They say you can never go home again, and it's definitely true, especially if you go back to the alternate 1985, there're bars on your windows, and a young girl and her bat-wielding father now live in your house. For a Queen Village eatery making a homecoming of sorts, Kennett.
Situated in the former Lyon's Den spot that was Kennett Cafe for 62 years, Kennett-not-Cafe's a neighborhood sleeve plating locally sourced dishes "for vegetarians and omnivores" from a guy who used to run Yard's Tasting Room and grew up right around the corner from the new joint, whose comfy confines include deep red walls filled with old-ass b&w site pics and tables handmade by the GM's dad, but not GM's dad, who still hasn't forgiven it for making the Pontiac Aztek. Eats include small plates like new potatoes w/ preserved lemon and prosciutto/pork terrine charcuterie plates, while bigger stuff involves beef/ turkey/ veggie burgers, an organic roasted half chicken w/ vanilla toasted barley, Brussels sprouts & brown butter, and cavolo nero w/ wild-caught steelhead salmon, still less wild than salmon served with cavolo caligula.
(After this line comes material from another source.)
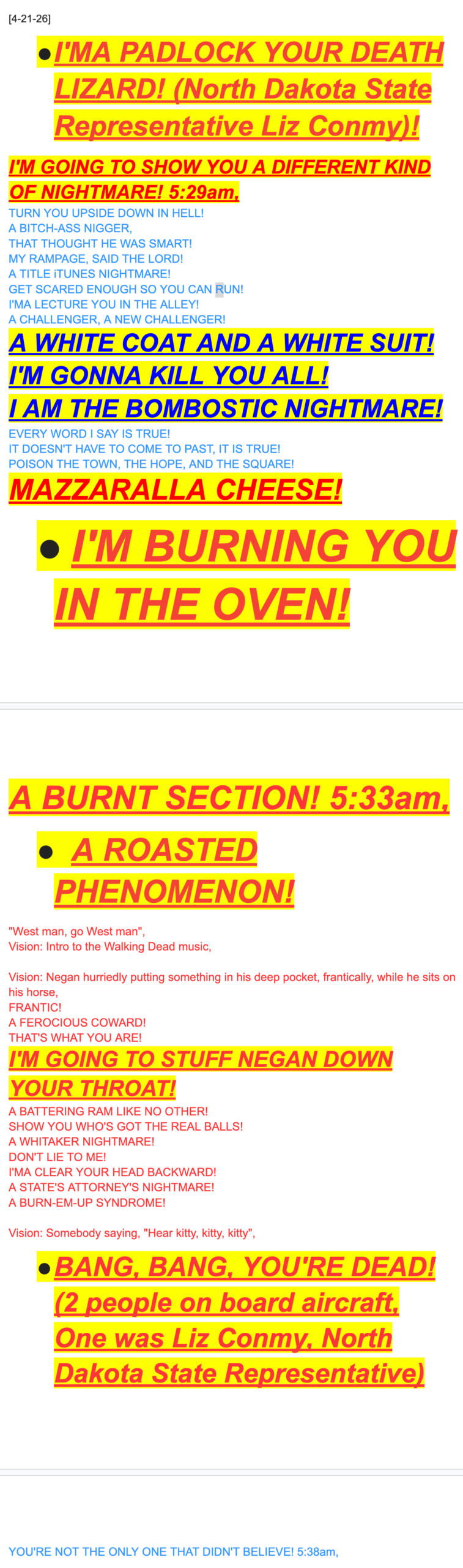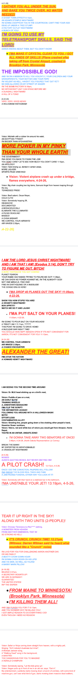 I’MA PADLOCK YOUR DEATH LIZARD! (North Dakota State Representative Liz Conmy) I’M BURNING YOU IN THE OVEN! A BURNT SECTION! 5:33am, A ROASTED PHENOMENON! BANG, BANG, YOU’RE DEAD! (2 people on board aircraft, One was Liz Conmy, North Dakota State Representative) A ROASTED PHENOMENON! I’MA UNSTABLE YOUR JET! 13:19pm, 4-5-26, TEAR IT UP RIGHT IN THE SKY! ALONG WITH TWO UNITS (2-PEOPLE)! IT’S CRUNCH, CRUNCH TIME! 12:21pm, (Witness: Darren Witman said he heard what sounded like a “Crunch” noise) I’M GATHER YOU ALL UNDER THE SUN, AND BAKE YOU TWICE OVER, NO WATER NEEDED! I’M GOING TO USE MY TELETRANSPORT SKILLS, SAID THE LORD! I’MA MAKE IT CRYSTAL CLEAR TO YOU, I GOT ALL KINDS OF SKILLS! (Plane crashed after taking off from Crystal Airport, crashed in Brooklyn Park, Minnesota) THE IMPOSSIBLE GOD! I AM THE LORD JESUS CHRIST NIGHTMARE! AND I AM THAT I AM! [Exodus 3:14], DON’T TRY TO FIGURE ME OUT, BITCH! FROM MAINE TO MINNESOTA! (Brooklyn Park, Minnesota) I’M KILLING THEM ALL!

The cocktail list, crafted with help from the minds behind Noble and Catahoula's tipples, features winners like the Old Grandad/ lemon/ honey/ apple cider Stone Fence, the rum/ lime juice/ date & walnut brown sugar syrup/ anisette Melville, and the rye/ vermouth/ absinthe Remember the Maine, though drink them all and you likely won't.
For beer-drankin', it's mainly local jawns like Flying Fish's Grand Cru and Troeg's Troegenator, and a lineup of wood-fired pizzas should be available in about a week or so, by which point you'll realize that you can go home again, albeit to a casino Biff owns, where he's married to your mom and forces her to get boob jobs.